Let’s start with Frankenstein films. There’s a sense in which it’s tempting to see film itself as a sort of Frankensteinian technology. Like Frankenstein selecting parts from corpses and infusing life into a composite body, filmmakers utilize the technical means of film to (re)animate the “dead” (or photographically preserved) traces of living organisms (actors) into new visual narrative compositions. In his discussion of Frankenstein films, William Nestrick writes: “The film is the animation of the machine, a continuous life created by the persistence of vision in combination with a machine casting light through individual photographs flashed separately upon the screen. Since ‘life’ in film is movement, the word that bridges the worlds of film and man is ‘animation’ – the basic principle by which motion is imparted to the picture” (294-95). It will be objected, however, that this invitingly simple analogy is too general in its scope; it overlooks historically specific transformations in the way such “animation” has been staged. Luckily, the long history of Frankenstein adaptations amply documents such changes and makes up for the missing nuance.

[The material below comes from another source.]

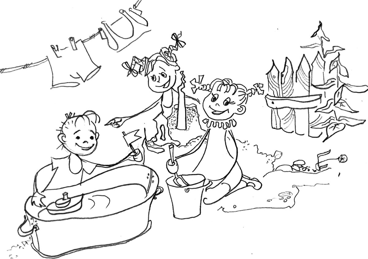 - Ой, куда она опять подевалась? - испачканный в грязи Нюркин палец выписал лихой ус под внезапно потекшим носом - Если щасс не наденешь, пойдёшь в хату! - мамин голос угрожающе звучал с огорода. Чёрные по локоть руки подруги замерли, пока голова, вращаясь в отчаянии, принимала решение - Маруся, видишь трусы на веревке? Тащи сюда. Натягивай мне на голову... - Сказано-сделано. Трусы пришлись впору, две косички выпали в дыры для ног. Эффектная шляпка пришлась всем на радость, даже, заглянувшая во двор мама, засмеялась и махнула рукой, - Нехай так буде! - Собственный вид не волновал неискушенного пирата. Склоняясь над жестяной ванной мы с Игорьком играли в морской бой. Рядом с водоемом, условно принятым за море, были выстроены замки из выползших за сезон в огороде камней. С Божией помощью было объявлено о рождении принцев и принцесс. Из водопроводного шланга запущены реки, разделяющие влюбленных, неизменно смывая царские огороды они текли в океан, образовавшийся в конце двора у калитки. Машина Игорька перевозила принца, сплетенного из травы с куриным пером в голове, для обозначения высокого статуса пассажира, к подножью замка принцессы. Вдогонку Сережин артиллерийский обстрел "Ихние фашисты" бомбили "Нашего Принца". Игорёк отвечал залпом - огонь "При!" - Жених спасался бегством. Травяная Невеста радостная тому, что жениху деваться некуда, брала его в плен своих прекрасных очей. Назревала свадьба. Счастливый финал был близок. Идиллия грядущего торжества слегка колыхнулась от появления новых действующих лиц. Во двор зашёл Павлик со своими закадычными друзьями, услышав последнюю реплику, он наклонился к малышу -
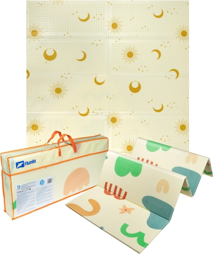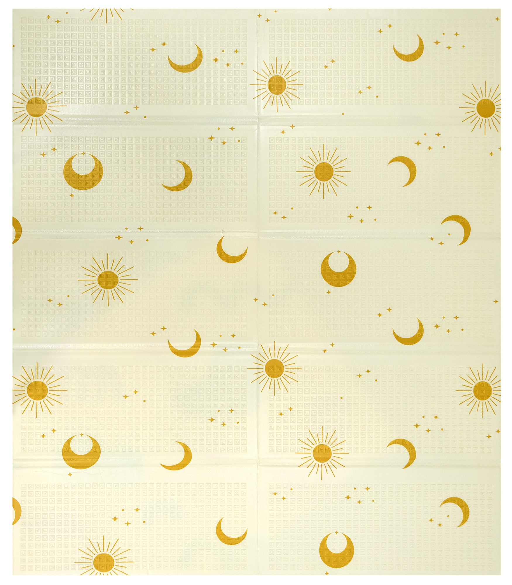 Premium XPE-Schaum sorgt für hervorragende Stoßdämpfung, Wärmedämmung gegenüber kalten Böden und lange Lebensdauer – geruchsfrei und ohne toxische Stoffe. Die Matte eignet sich für das Kinderzimmer, Wohnzimmer und den Außenbereich – Balkon, Garten oder Picknick. Der doppelseitige Druck in sanften Farben mit Sonnen- und Mondmotiven sowie bunten Formen fördert die Wahrnehmung und passt zu modernen Interieurs.

Take, for instance, Thomas Edison’s Frankenstein from 1910, which stands between the early, image-technology oriented “cinema of attractions” and the coming narrative-oriented classical Hollywood style that would take shape around 1917. In 1910, the medium was in transition, torn between lowbrow technological spectacle and an uncertain reorientation along the lines of the respectable theater. Accordingly, advertising for the film emphasized both the “photographic marvel” of the creation sequence and the story’s origin in “Mrs. Shelley’s […] work of art.” The film aimed to be both visual and technological spectacle and narrative high culture. And this multiple address relates directly to the uncertain significance of “animation” at this historical juncture.

The creation sequence’s so-called “marvel” consists of footage of a burning mannequin projected in reverse – a bit of cinematic magic that, in the context of early film, served to exhibit cinematic technology by focusing attention on the filmic images themselves rather than the objects they depict. Frankenstein’s reactions here channel the scopophilic pleasure of a “primitive” viewer, for whom he stands in as a proxy. Importantly, “animation” here is a self-reflexive topos which links the monster’s creation with the term “animated photography,” still common in 1910 as a description of film in general.

However, the final showdown ambivalently signals a change of course towards narrative integration. The Edison Company claims that the scene communicates the story’s moral that love conquers all. But since the monster was identified with filmic technology in the creation sequence, Frankenstein’s battle with the monster is also with the medium of film as an animating technology, especially since trick effects are essential to the staging of the conflict. The film’s narrative closure is therefore mixed with a self-reflexive countercurrent. The mirror functions here like the projection surface of the cinema screen. The similarity is not merely abstract but in fact visually perceptible due to the scene’s technical means of production: the images in the mirror are themselves flickering filmic images. The result is a film within the film, and Frankenstein is again a film viewer. His battle with the monster is a battle with the images and especially with the “primitive” type of reception that he exemplified in the creation sequence. But this time he is reformed, and instead of staring at the medial surface, he now acquires the ability to look through rather than at the mirror. So Frankenstein is finally in a position to devote his attentions to the reality of his environment – which means, for us, to the world of the diegesis.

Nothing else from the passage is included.